Once again, the cumulative load calculated at each instantaneous flux value can be calculated as a percentage of the total load yielding Mk% values and the time elapsed at each point can be calculated as a percentage of the total time. Mk% and Wk% values can be plotted as functions of the probability of occurrence and multiple Mk% curves for various water quality components can be plotted simultaneously for comparison of loading as a function of probability of occurrence. For example, 50% of the nitrate load may be exported in 25% of the time whereas 50% of the ammonium load may be exported in only 5% of the time. The interaction of flow and concentrations could be examined further to explain differences among loading and flashiness of concentrations with event flow.

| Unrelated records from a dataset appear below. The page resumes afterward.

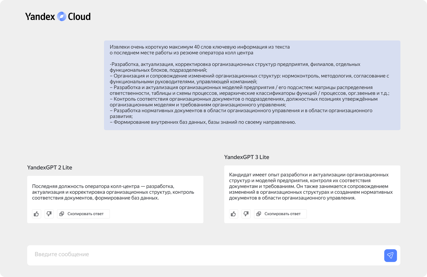 YandexGPT 3 Lite можно интегрировать в свои продукты через API в сервисе Foundation Models. Новая модель заменит предыдущую в течение месяца, но уже доступна для тестирования. Стоимость использования YandexGPT 3 Lite составляет 20 копеек за тысячу токенов. Новые пользователи Yandex Cloud смогут бесплатно протестировать её в демо-режиме.
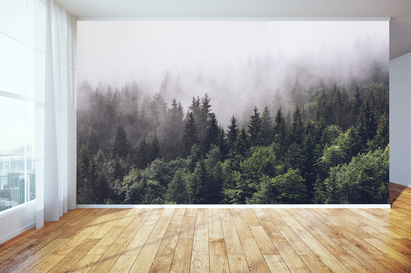 Fototapete Nebelverhangener nadelwald am berghang
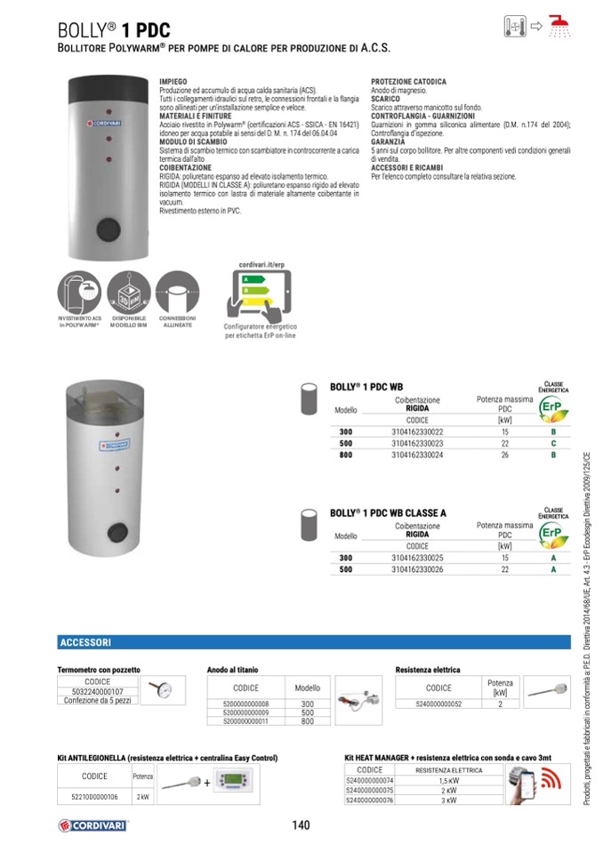 Produzione ed accumulo di acqua calda sanitaria (ACS).
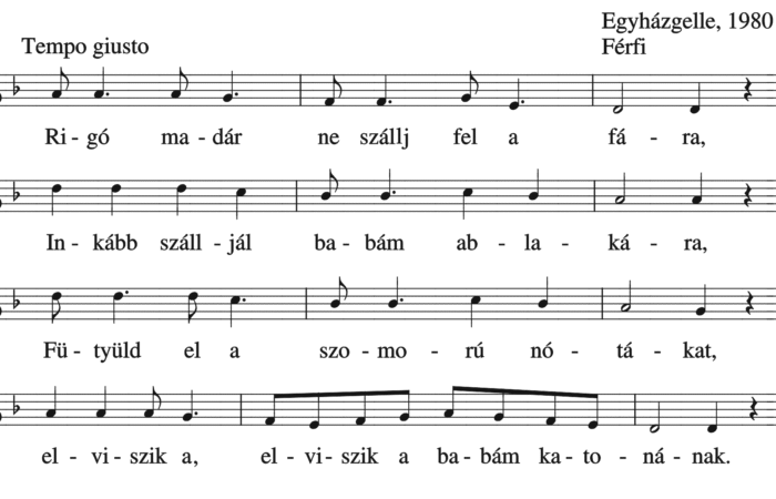 Rigómadár, ne szállj fel a fára, Inkább szálljál babám ablakára. Fütyüld el a szomorú nótákat, Elviszik a, elviszik a babám...
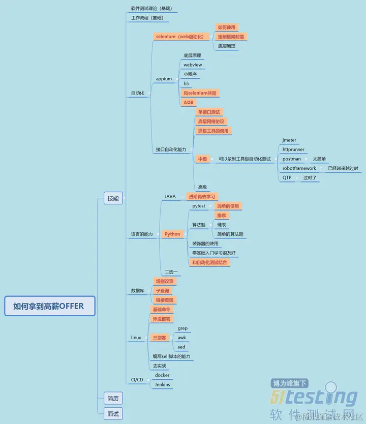 · 技能:底层原理(计算机网络、linux底层原理)、语言原理(算法、语言的一些机制)、数据库、selenium、
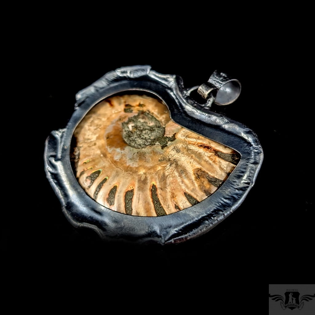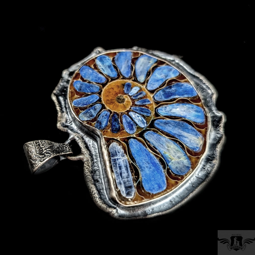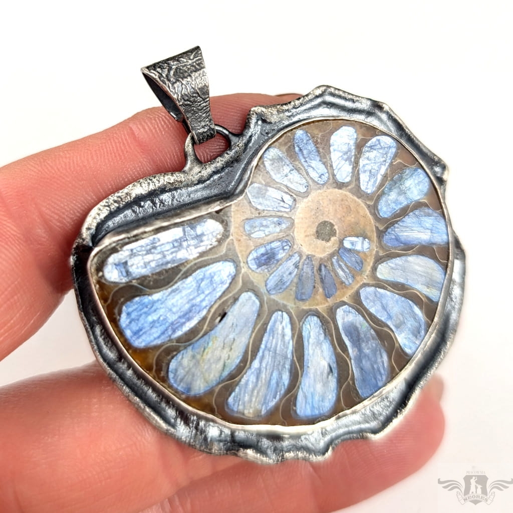 Zjawiskowy wisior z naturalnym amonitem, w którego komorach spoczywa inkrustowany kyanit .Fragmenty kamienia są niezwykle połyskliwe, pięknie się mienią. Amonit oprawiony został w srebro próby 925, oksydowane. Wymiary oprawy 52 x 46 mm, z krawatką 57 mm. Waga 22 g. Zostanie zapokowany w ozdobne pudełeczko.
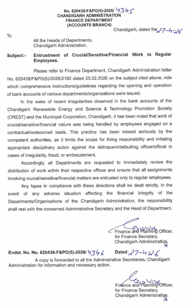 चंडीगढ़ प्रशासन के वित्त विभाग (अकाउंट्स ब्रांच) ने सभी विभागों को निर्देश जारी करते हुए कहा है कि अब किसी भी प्रकार के महत्वपूर्ण, संवेदनशील और वित्तीय कार्य केवल नियमित (रेगुलर) कर्मचारियों को ही सौंपे जाएं।
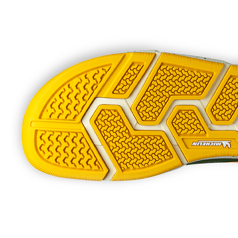 Erstklassiger Grip auf Asphalt ist durch die innovative Laufsohlen-Technologie gewährleistet, entwickelt in enger Kooperation mit Soles by Michelin.
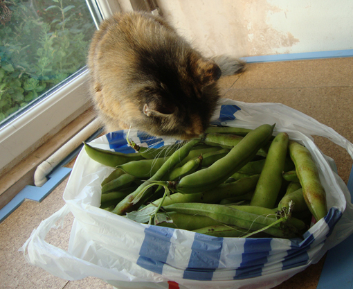 We’re cropping well from our allotment and here’s Little Ming doing a quality control inspection on our latest pick of broad beans. We’ve grown mainly Claudia Aquadulce that I planted last Autumn; I also tried Imperial Longpod and Red Epicure but they didn’t come to much. We pick the young leaves throughout the Spring because they make a delicious salad with the French sorrel and wild garlic that are in season at the same time and they’re also good in stir fries. I reckon we’ll get one more bag off the plants.
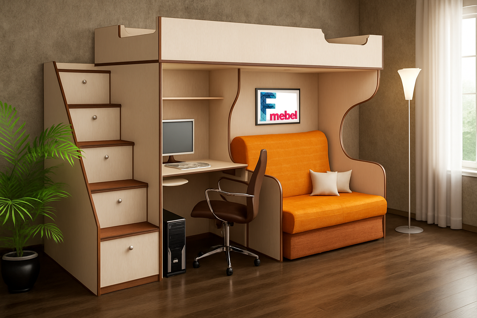 2. Стандарт: ДСП 18 мм, кромка 2 і 1 мм, телескопічні напрямні, класичні петлі, є декоративні вирізи, округлення в столах, поличках, бортах, сходах. Меблі виглядають як на фото і є більш цікавими і комфортними. Ящики закриваються тихіше і плавніше. Використовується високоякісна фурнітура ТМ Muller , яка має гарантію 10 років. Рекомендоване навантаження на спальне місце до 120 кг.
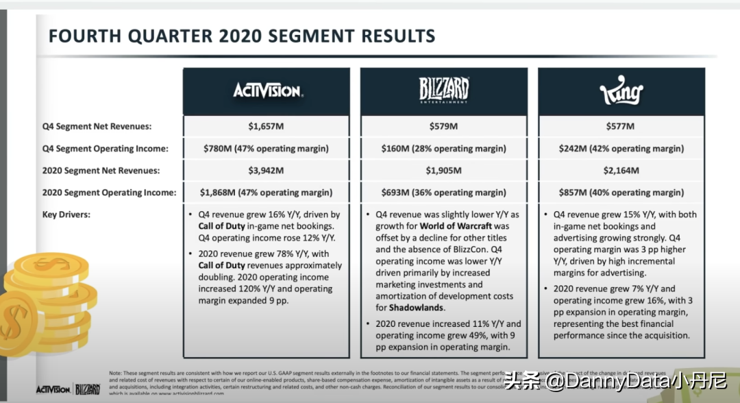 他现在的动视收入主要是靠CallofDuty使命召唤,暴雪就是还是他这些传统的魔兽世界,然后还有就King,就刚才说的那个CandyCrush。
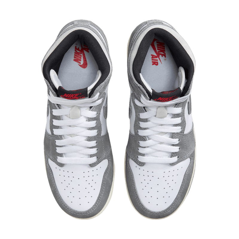 O Jordan 1 Retro High OG Washed Black é construído com couro branco e parte superior Washed Black. Notas de cinza são colocadas ao redor da gola, enquanto a entressola em cor vela ajuda a dar ao tênis um design envelhecido.
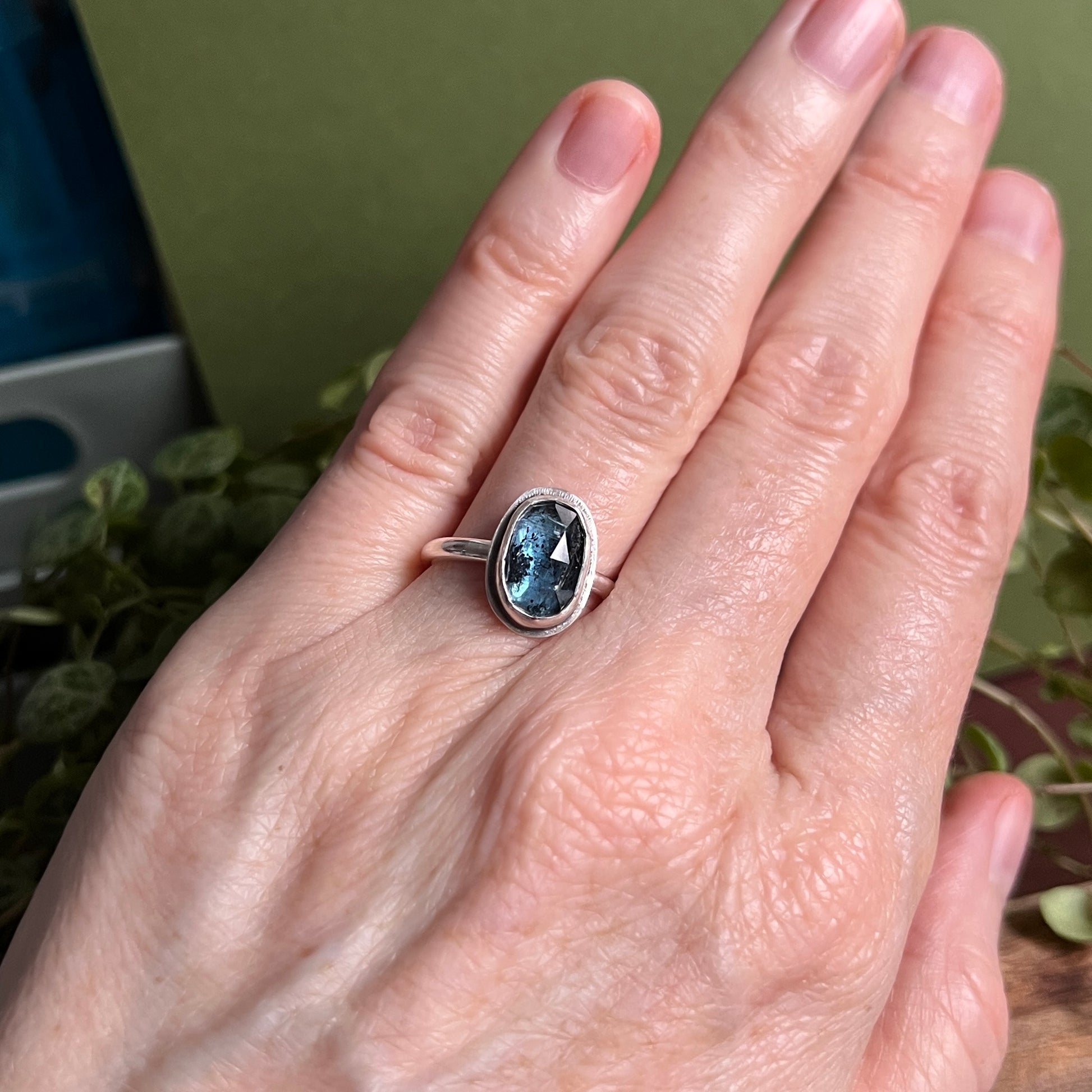 These Indigo Moss Kyanite stones are gorgeous! This stone has been wrapped in a fine silver bezel set on a sterling silver back plate and band.
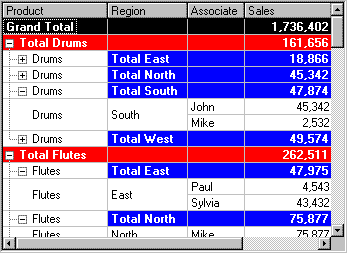 ' clear existing subtotals fg.Subtotal flexSTClear ' get an Grand total (use 1 instead of columns index) fg.Subtotal flexSTSum, -1, 3, , 1, vbWhite, True ' total per Product (column 0) fg.Subtotal flexSTSum, 0, 3, , vbRed, vbWhite, True ' total per Region (column 1) fg.Subtotal flexSTSum, 1, 3, , vbBlue, vbWhite, True ' show an OutlineBar on column 0 |
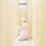 「稲庭うどんは上手な寝かせ方で品質が変わる」と言われるほど、麺の寝かせ方は重要です。季節 、気温、湿度、天気などによって熟成に差が生じます。季節ごとの温度、湿度を味の味方にし、真っ直ぐで、白く美しいうどんに仕上げています。
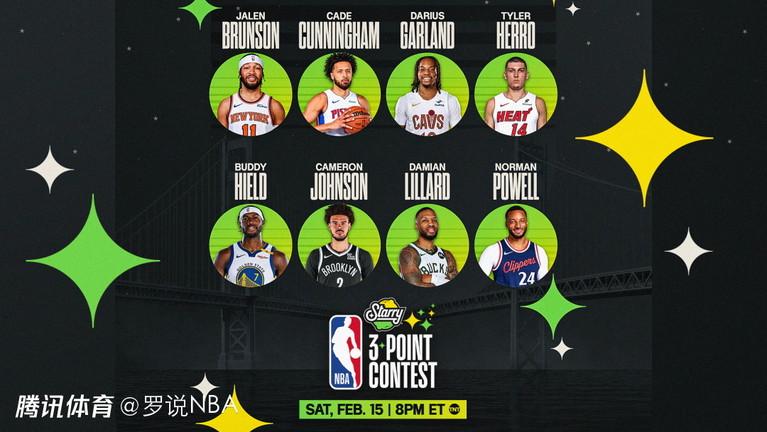 若按本赛季三分命中率的高低来排序参赛者,最准的是快船的鲍威尔(43.1%),随后依次是加兰(42.9%)、卡梅隆-约翰逊(41.7%)、布伦森(39.7%)、希罗(39.3%)、利拉德(37.9%)、希尔德(37.1%)、坎宁安(35.4%)。

With the above plot, we see that the Maudouve River at Saint-Donan in 1997-1998 is not very flashy as only 10% of the flow occurs in 2% of the time. Some watersheds are a lot flashier and can export more than 25% of the flow volume in 2% of the time. We can also see that there is a very slight difference between the flow and the load duration curves, with the load duration tending to be a bit lower. This is due to the “dilution” effect of nitrate concentrations during flow events: nitrate concentrations exhibit troughs during flow peaks.

It is helpful to use the `qnorm`

function in R to zoom in on the very low and high probabilities of occurrence, or on the tails of the normal distribution curve.